- _WHAT YOU NEED TO DO_:
Give the data again exactly, without images.

- _EXERCISE INPUT_:
Start of Block

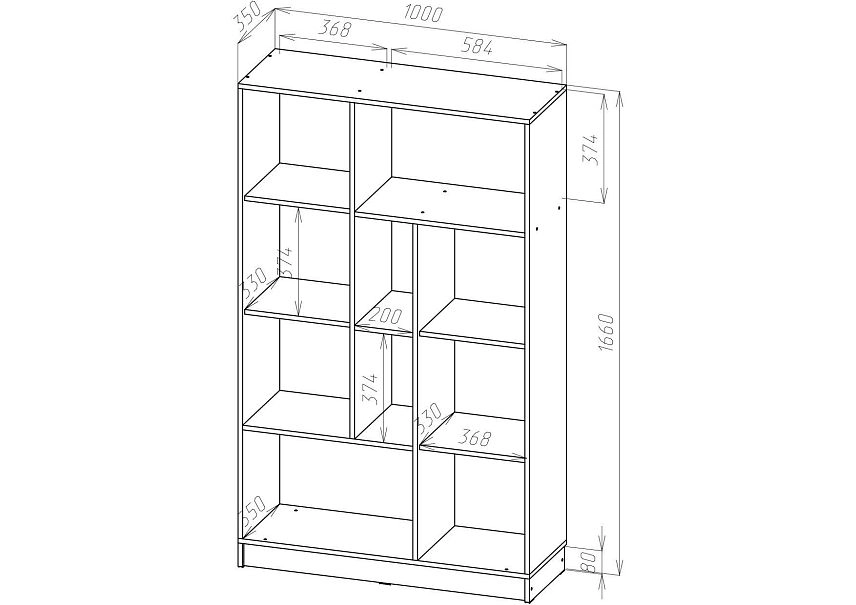 | Книжные шкафы, стеллажи от 600 мм до 1000 мм | 350 | 1000 | 600 |
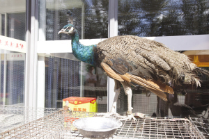 “我看見那孔雀在門外用繩子拴著,怪可憐的,聽說飯店還賣孔雀肉呢,你們得管這事!”16日,市民吳女士打來電話,反映一飯店用孔雀肉招攬生意。
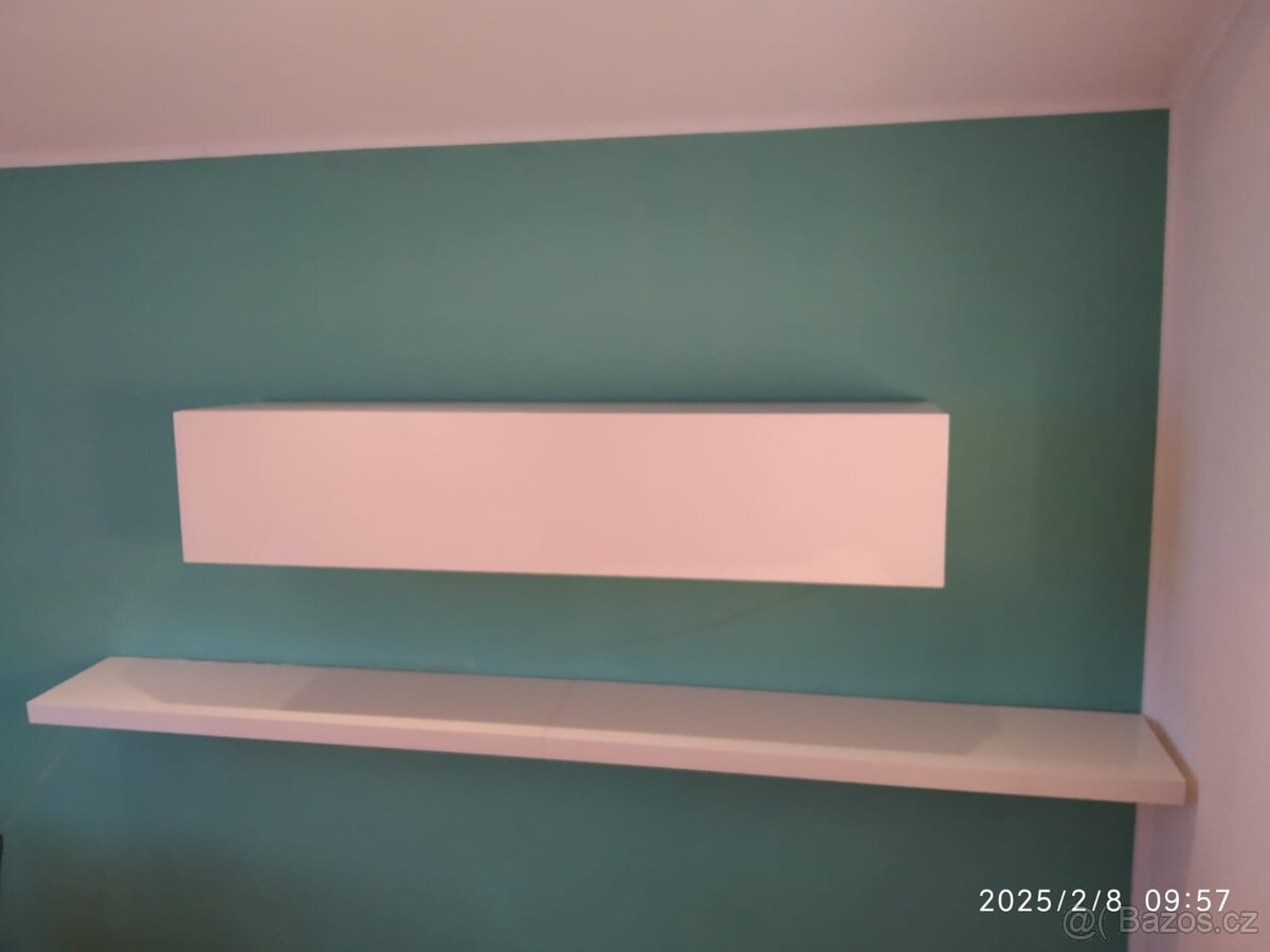Prodám televizní stolek/skříňku - [2.2. 2026]Prodám závěsný televizní stolek v bílém lesku, bez vad! Lze i podsvítit, jako je vidět na druhé fotce s bílo-černým stolkem.
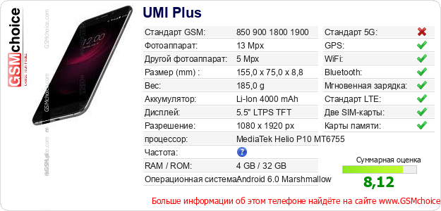 У Тебя есть свой сайт? Хочешь где-то разместить информацию о базовых данных мобильника UMI Plus ? Это запросто устроить. Достаточно скачать картинку или скопировать и разместить на соответствующем сайте нижерасположенный код:Размещение этого кода вызовет появление нижерасположенной картинки:
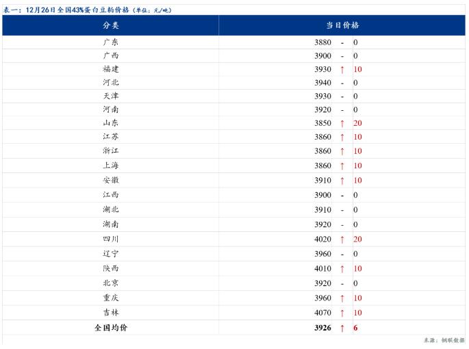 12月26日油廠豆粕報(bào)價(jià)穩(wěn)中上調(diào),其中沿海區(qū)域油廠主流報(bào)價(jià)在3850-3930元/噸,廣東3880元/噸穩(wěn)定,江蘇3860漲10元/噸,山東3850漲20元/噸,天津3930元/噸穩(wěn)定。
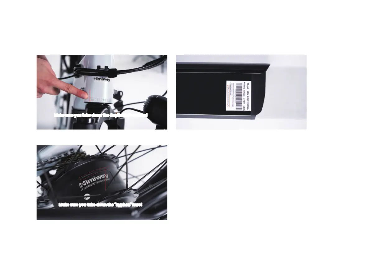 Please write down the serial numbers found on the head tube, battery and motor on the inside front cover of this manual to

End of Block

- _EXERCISE RESULT_:
 | Книжные шкафы, стеллажи от 600 мм до 1000 мм | 350 | 1000 | 600 |
 “我看見那孔雀在門外用繩子拴著,怪可憐的,聽說飯店還賣孔雀肉呢,你們得管這事!”16日,市民吳女士打來電話,反映一飯店用孔雀肉招攬生意。
Prodám televizní stolek/skříňku - [2.2. 2026]Prodám závěsný televizní stolek v bílém lesku, bez vad! Lze i podsvítit, jako je vidět na druhé fotce s bílo-černým stolkem.
 У Тебя есть свой сайт? Хочешь где-то разместить информацию о базовых данных мобильника UMI Plus ? Это запросто устроить. Достаточно скачать картинку или скопировать и разместить на соответствующем сайте нижерасположенный код:Размещение этого кода вызовет появление нижерасположенной картинки:
 12月26日油廠豆粕報(bào)價(jià)穩(wěn)中上調(diào),其中沿海區(qū)域油廠主流報(bào)價(jià)在3850-3930元/噸,廣東3880元/噸穩(wěn)定,江蘇3860漲10元/噸,山東3850漲20元/噸,天津3930元/噸穩(wěn)定。
 Please write down the serial numbers found on the head tube, battery and motor on the inside front cover of this manual to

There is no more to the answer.